Population peak: 1971

Decline from the peak: -26.3%

Biggest decline: -26.3% (1971-2021)

Genoa, one of the most important and influential European cities and ports for the past 1,000 years, it's arguably the most well-known example of regional population decline.

Not only plagued by the 1970's industrial downturn on the Western developed economies, that also affected the industrialized northern Italy, but by also very low fertility rates for a very long period. A perfect storm. As result, we had a dramatic decline that also affected not only Genoa area, but the whole Liguria. There have been several articles and studies about this subject over the years, even in the mainstream media, like this one from New York Times in 2006.

As it happened with Turin, decline slowed down on the 2000's due mass immigration to Italy, specially Ecuadorians in Genoa.

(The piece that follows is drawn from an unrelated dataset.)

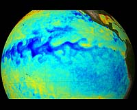Greenbelt MD (SPX) Jan 14, 2008 Cool, wet conditions in the Northwest, frigid weather on the Plains, and record dry conditions in the Southeast, all signs that La Nina is in full swing. With winter gearing up, a moderate La Nina is hitting its peak. And we are just beginning to see the full effects of this oceanographic phenomenon, as La Nina episodes are typically strongest in January. A La Nina event occurs when cooler than normal sea surface temperatures form along the equator in the Pacific Ocean, specifically in the eastern to central Pacific. The La Nina we are experiencing now has a significant presence in the eastern part of the ocean. The cooler water temperatures associated with La Nina are caused by an increase in easterly sea surface winds. Under normal conditions these winds force cooler water from below up to the surface of the ocean. When the winds increase in speed, more cold water from below is forced up, cooling the ocean surface. "With this La Nina, the sea-surface temperatures are about two degrees colder than normal in the eastern Pacific and that's a pretty significant difference," says David Adamec of NASA's Goddard Space Flight Center, Greenbelt, Md. "I know it doesn't sound like much, but remember this is water that probably covers an area the size of the United States. It's like you put this big air conditioner out there -- and the atmosphere is going to feel it." While this "air conditioner" may be located in the equatorial Pacific Ocean, it has a great influence on the weather here in the United States and across the globe. The cool water temperatures of a La Nina slow down cloud growth overhead, causing changes to the rainfall patterns from South American to Indonesia. These changes in rainfall affect the strength and location of the jet stream -- the strong winds that guide weather patterns over the United States. Since the jet stream regulates weather patterns, any changes to it will have a great impact on the United States. Those changes can be felt throughout the country. The Northwest generally experiences cooler, wetter weather during a La Nina. On the Great Plains, residents normally see a colder than normal winter and southeastern states traditionally experience below average rainfall. The cooler waters of a La Nina event also increase the growth of living organisms in this part of the ocean. La Ninas amplify the normal conditions in the Pacific. These typically cool and abundant waters experience an increase in phytoplankton growth when the water temperature drops even further. The increased circulation that brings up cold water from below also brings up with it nutrients from the deeper waters. These nutrients feed the organisms at the bottom of the food chain, starting a reaction that increases life in the ocean. NASA's SeaWiFS satellite documented this increase in phytoplankton during the last La Nina period in 1998. La Nina and El Nino episodes tend to occur every three to five years. La Ninas are often preceded by an El Nino, however this cycle is not guaranteed. The lengths of La Nina events vary as well. "We need to watch to see if this La Nina diminishes, because they can last for multiple years. And if it does last for multiple years, the southern tier of the United States, especially the Southeast, can expect dryer weather. That is not a good situation. If this La Nina behaves. So far this La Nina is behaving like a textbook case: following the predicted weather patterns, strengthening throughout the winter, and peaking toward January. According to NOAA's Climate Prediction Center, this La Nina episode is expected to continue until the spring of 2008, with a gradual weakening starting in February. NASA will continue to monitor this phenomenon with several of its key Earth observing satellites. Instruments on NASA's Terra and Aqua satellites measure sea surface temperature and observe changes to life in the ocean, changes of great importance to the fishing industry. The MODIS instruments on these satellites detected the temperature drop that signaled this La Nina period, and SeaWiFS continues to monitor ocean life. Scientists also look at sea surface height to understand La Nina. The cooler ocean water associated with a La Nina contracts, lowering sea-surface heights. Over the past year, NASA's Jason satellite has observed a lower than normal sea level along the equatorial Pacific where this current La Nina episode is taking place. NASA also looks at changes in wind and rain patterns to study La Nina. The QuikSCAT satellite measures changes in oceanic surface winds, while the Tropical Rainfall Measuring Mission satellite observes changes in rainfall. These observations add to a fuller understanding of this phenomenon. The current La Nina episode has far many reaching effects. What some may see as just a small change in sea surface temperature has a much greater impact on our climate here in the U.S. and across the globe, as well as implications for the fishing industry and the global economy. With the help of NASA's earth observing fleet, scientists are becoming better equipped to observe and understand this phenomenon. Community Email This Article Comment On This Article Related Links Goddard Space Flight Center El Nino, La Nina and an Ocean called Pacifica

However, with such horrible age pyramid, it was not enough to put Genoa on positive terrain. And as Italy are under rough demographic and economic times, I don't think we'll see it. Decline is now the rule all over Italy.

BTW, in this list Genoa didn't reach 1 million people, but by broader definitions (using Genoa province or Genoa+Savonna provinces as metro area, then we would have 1.045 million and 1.343 million in 1971, respectively), it surpassed this mark. In any case, a thread dedicated to such subject, it's a must to have Genoa featured on it.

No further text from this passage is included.